── Records provided

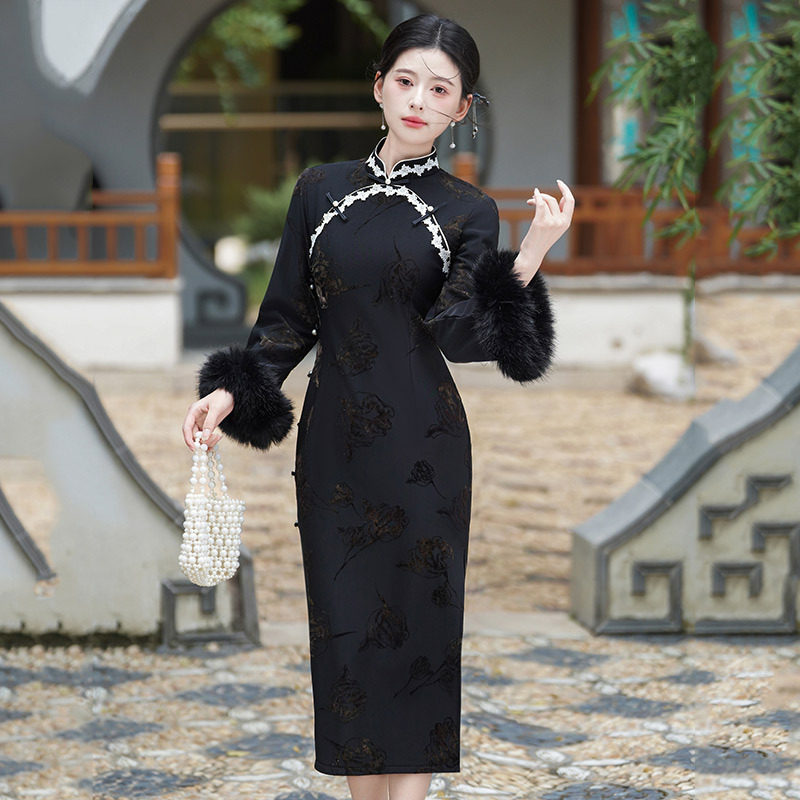 黑色改良旗袍冬装2025新款年会走秀高端气质加厚年轻款少女连衣裙
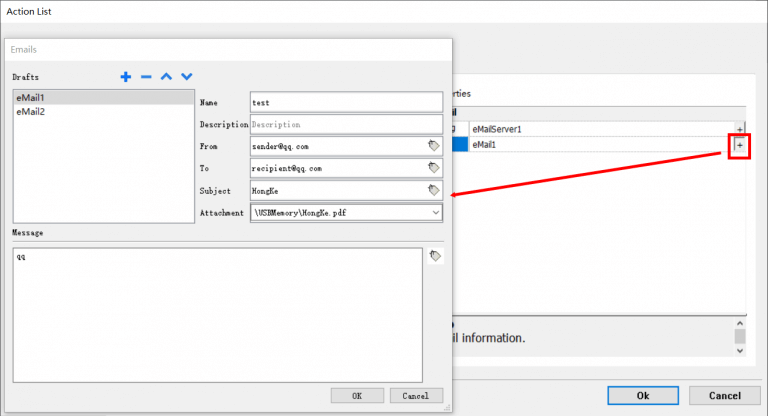 可以在“Attachment”选项中添加附件文件,将虹科物联网HMI本地内存、U盘或SD卡中存储的历史数据、警报事件、日志、报表等文件一起发送给相关人员。实际效果图如下。
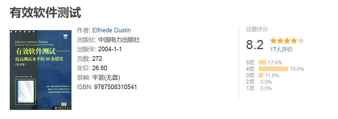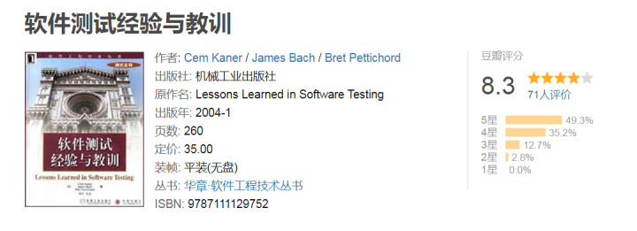 这本书可以用来作为进入行业的第一本书,本书讲解的都是实用的技术,通过阅读本书可以快速的去学会如何测试软件。个人建议,这本书至少要读3遍以上。
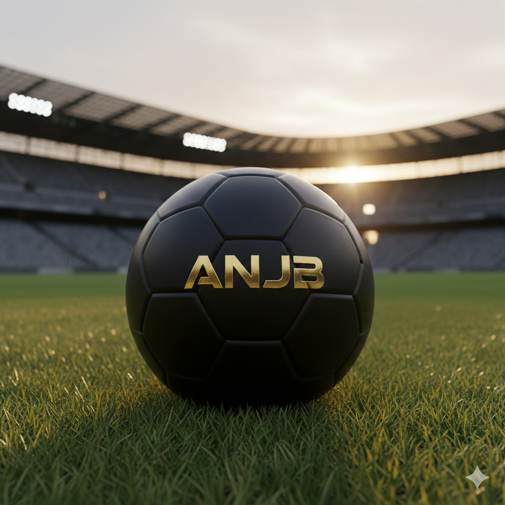 The center of the ball features the ANJB logo rendered in a bold, metallic gold typeface with a premium embossed texture.
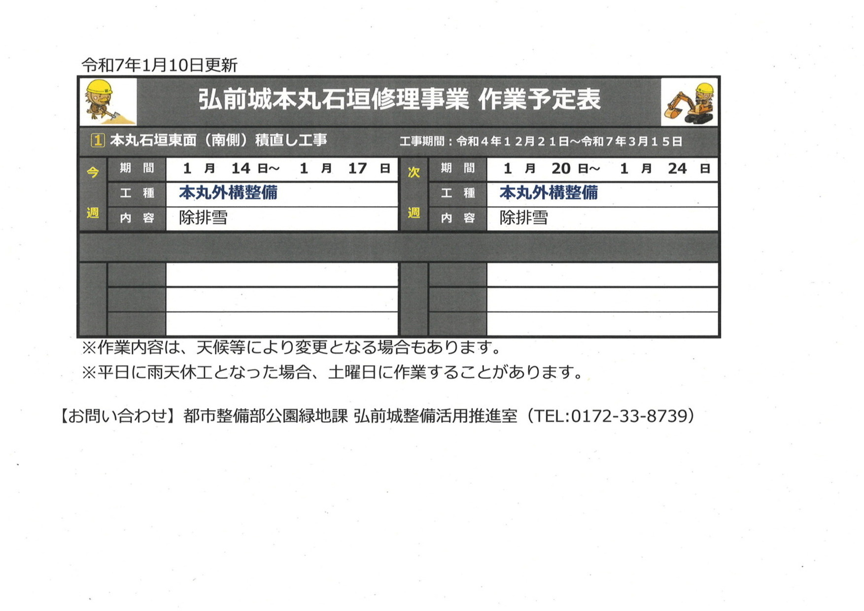 弘前城本丸石垣修理事業について、令和7年1月14日から1月24日までの作業予定をお知らせします。
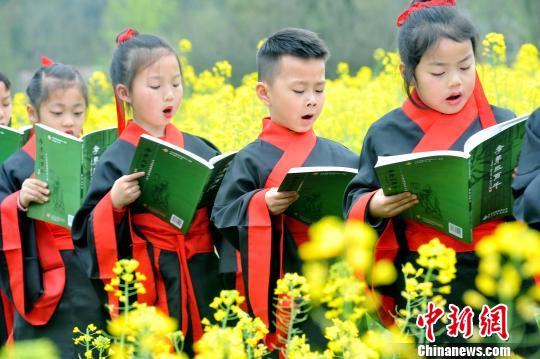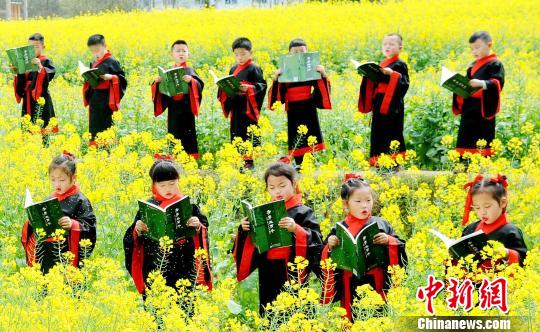 江西省德兴身穿古装的学童,在油菜花海中诵读经典国学。 卓忠伟 摄
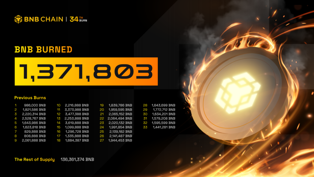 Ekosystem BNB zakończył 34. zaplanowane spalanie tokenów, kontynuując swoją długoterminową strategię zmniejszenia podaży BNB w obiegu.

────

● **Required action**
Set the records down again word for word; the pictures stay out.

● **Result of the task**
 黑色改良旗袍冬装2025新款年会走秀高端气质加厚年轻款少女连衣裙
 可以在“Attachment”选项中添加附件文件,将虹科物联网HMI本地内存、U盘或SD卡中存储的历史数据、警报事件、日志、报表等文件一起发送给相关人员。实际效果图如下。
 这本书可以用来作为进入行业的第一本书,本书讲解的都是实用的技术,通过阅读本书可以快速的去学会如何测试软件。个人建议,这本书至少要读3遍以上。
 The center of the ball features the ANJB logo rendered in a bold, metallic gold typeface with a premium embossed texture.
 弘前城本丸石垣修理事業について、令和7年1月14日から1月24日までの作業予定をお知らせします。
 江西省德兴身穿古装的学童,在油菜花海中诵读经典国学。 卓忠伟 摄
 Ekosystem BNB zakończył 34. zaplanowane spalanie tokenów, kontynuując swoją długoterminową strategię zmniejszenia podaży BNB w obiegu.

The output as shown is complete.